GNU bug report logs -
#21604
grep doesn't match diacritical chars in ISO-8859 files
Previous Next
Full log
View this message in rfc822 format
[Message part 1 (text/plain, inline)]
Your bug report
#21604: grep doesn't match diacritical chars in ISO-8859 files
which was filed against the grep package, has been closed.
The explanation is attached below, along with your original report.
If you require more details, please reply to 21604 <at> debbugs.gnu.org.
--
21604: http://debbugs.gnu.org/cgi/bugreport.cgi?bug=21604
GNU Bug Tracking System
Contact help-debbugs <at> gnu.org with problems
[Message part 2 (message/rfc822, inline)]
On 10/02/2015 02:43 AM, Santiago Ruano Rincón wrote:
> grep doesn't match characters with diacritical
> marks in ISO-8859 files, inside a Unicode enviroment
That is normal and expected behavior.
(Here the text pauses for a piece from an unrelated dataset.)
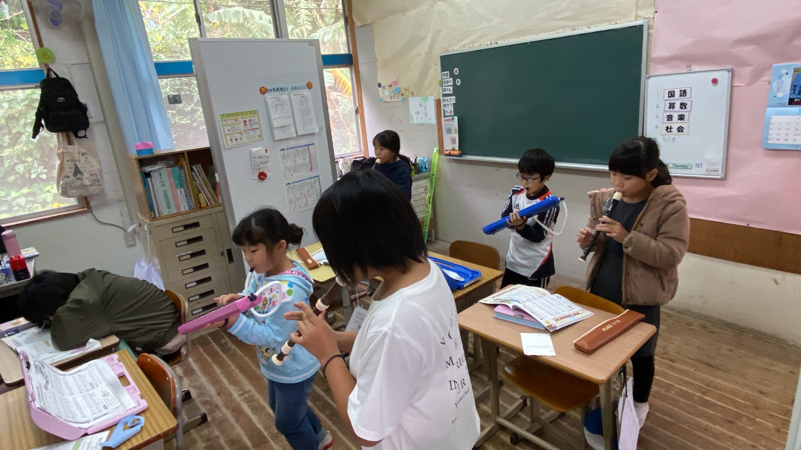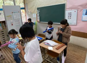 トロンボーンの音と元気な歌声に引き寄せられ教室をのぞくと

In a UTF-8 locale, "á" is
represented by the two bytes 0xC3 and 0xA1. In an ISO-8859 file, the
same character is represented by the single byte 0xE1. The UTF-8
pattern won't match the ISO-8859 representation.
To avoid this problem, switch to an ISO-8859 locale before using grep to
read ISO-8859 text files. This is true for pretty much any standard
utility, not just grep. Alternatively, you can translate the text files
from ISO-8859 to UTF-8, before giving the resulting text to grep or to
other utilities.
[Message part 3 (message/rfc822, inline)]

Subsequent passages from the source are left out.